It is just three years since the UK left the EU, and Brexit is already in intensive care. The impact is far worse than the slow puncture many predicted. It is more like a flat tyre, seriously disabling the national economy. So it becomes increasingly likely that a dramatic change of course will be required as soon as there is a change of government—perhaps earlier.
Economically the Brexit “hit” has been large and palpable: not just the big headline figures for loss of trade, investment and national income, but a dramatic collapse of the UK’s motor manufacturing industry in barely three years, with the abject failure even to get a new UK-owned battery manufacturing plant established for electric vehicles (Germany has three). Our media is increasingly dominated by real-life Brexit stories behind the stats of escalating food prices and the hundreds of thousands of exporters whose businesses have been decimated or eliminated by new EU customs and regulatory requirements.
Even the BBC, long prevaricating on the issue, has started properly reporting the Brexit catastrophe, particularly its impact on the cost of living, NHS staff shortages and projections of weak future economic growth.

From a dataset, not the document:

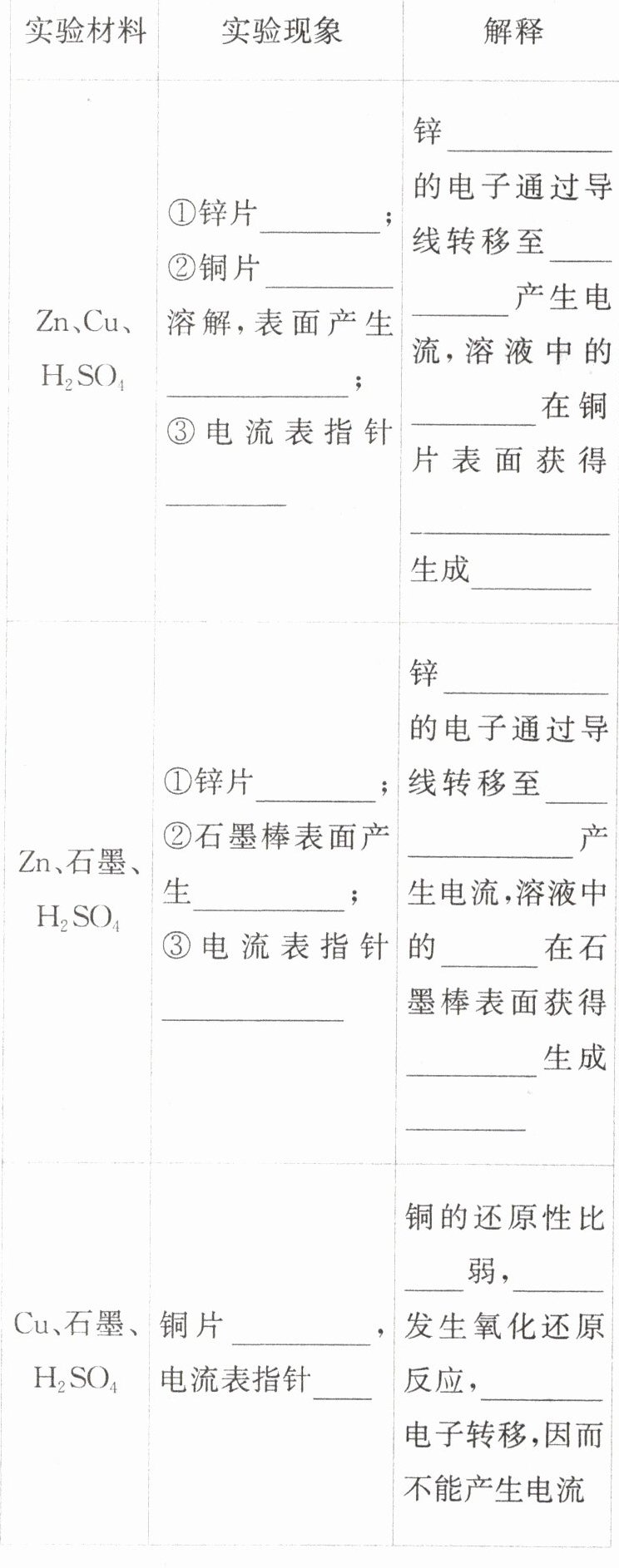 溶解 不 无色气泡 偏转 失去 铜片表面 H⁺ 电子 H₂ 溶解 无色气泡 偏转 失去 石墨棒表面 H⁺ 电子 H₂ 不溶解 不偏转 H₂ 不能 没有

It does so with plenty of airtime for Brexiters. But listening to Hannan, Rees-Mogg and Farage in a fantasy land of Brexit benefits which are now clearly non-existent (cheaper food and more money for the NHS), peripheral (Australian and New Zealand trade deals) or positively harmful (“Brexit freedoms” to remove swathes of Britain’s environmental and employment protection), you would think they were witnesses for the prosecution.

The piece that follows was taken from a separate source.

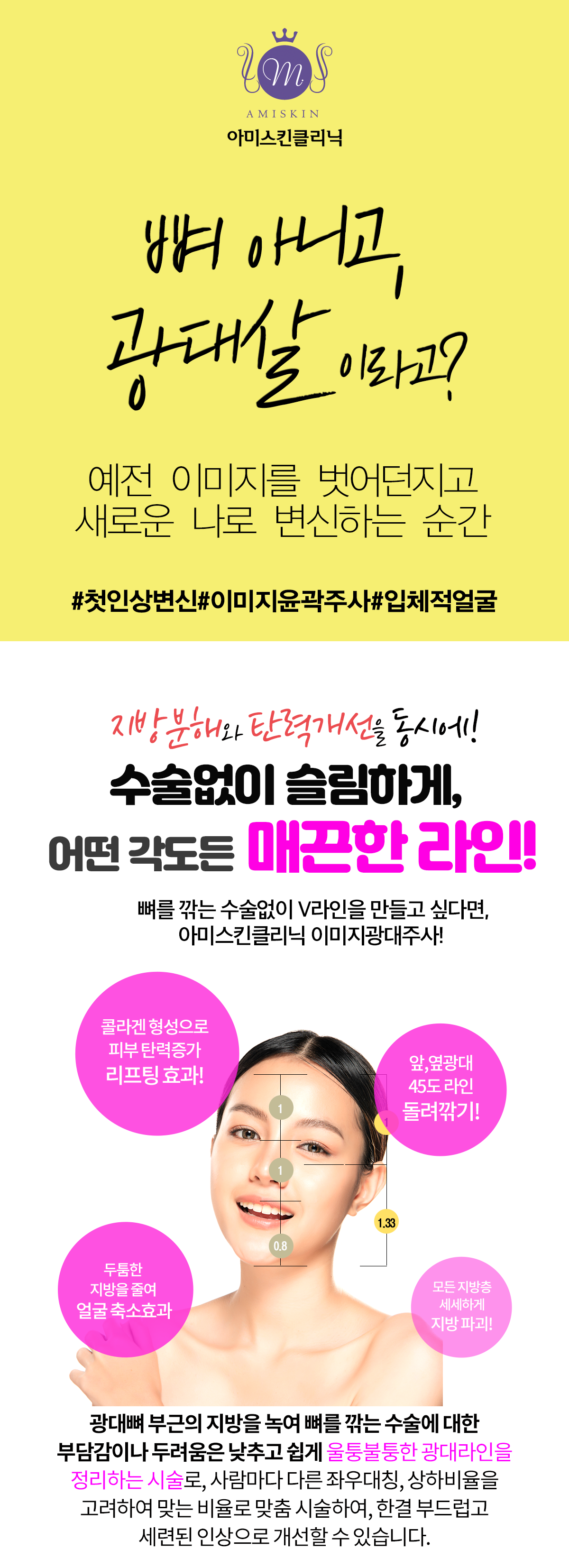 얼굴을 입체적이면서도 자연스럽게 느껴지도록 균형감있고 아름답게 만들어주는 아미스킨 만의 독자 시술입니다.

For all Labour’s talk of “making Brexit work”, once a future government starts renegotiating Boris’s Brexit deal, it will be pulling at a ball of wool which quickly unravels. Some kind of re-entry into the customs union and single market is where this will soon end, either in stages or in one leap. Norway and Switzerland offer the models and precedents for this semi-detached status. Thereafter full re-entry will be a constant refrain of pro-Europeans.
I suspect Rishi Sunak will make the first move on this road, by soon agreeing a revised form of the Northern Ireland protocol to resolve the current impasse. This will do more than just remove the major bone of contention between London and Brussels. It will also—however much Sunak pretends otherwise—provide a template for a wider reform of Brexit for the entire UK.
The problem for Sunak is that he knows he is opening Pandora’s box, but he can’t duck on Northern Ireland because the issue is too urgent and sensitive—not least in Biden’s Washington—to postpone until after the next general election. This year is the 25th anniversary of the Good Friday Agreement, and any weakening of its commitment to a borderless Ireland would be unconscionable. Equally, any deal on the protocol will reinforce what is surely its core purpose of keeping Northern Ireland within the EU single market, precisely to avoid north-south trade and travel barriers.
The thorny issue is what happens to the regulation of trade east-west between Great Britain and Northern Ireland. Any deal on this, however much ground the EU gives on existing requirement for customs declarations and so forth, must have the effect of securing in perpetuity a completely open north-south border in Ireland, with both sides effectively part of the EU. This is why the extreme unionist DUP is trying to block any deal on the protocol, unless it meets impossible demands for entirely unregulated east-west trade between Ireland and a Great Britain outside the single market.
Sunak has little choice but to call the DUP’s bluff, unless he intends to start a trade war with Brussels. And that course is simply not viable for him in his current economic and political predicament. At least, not without making it far worse, if that were possible.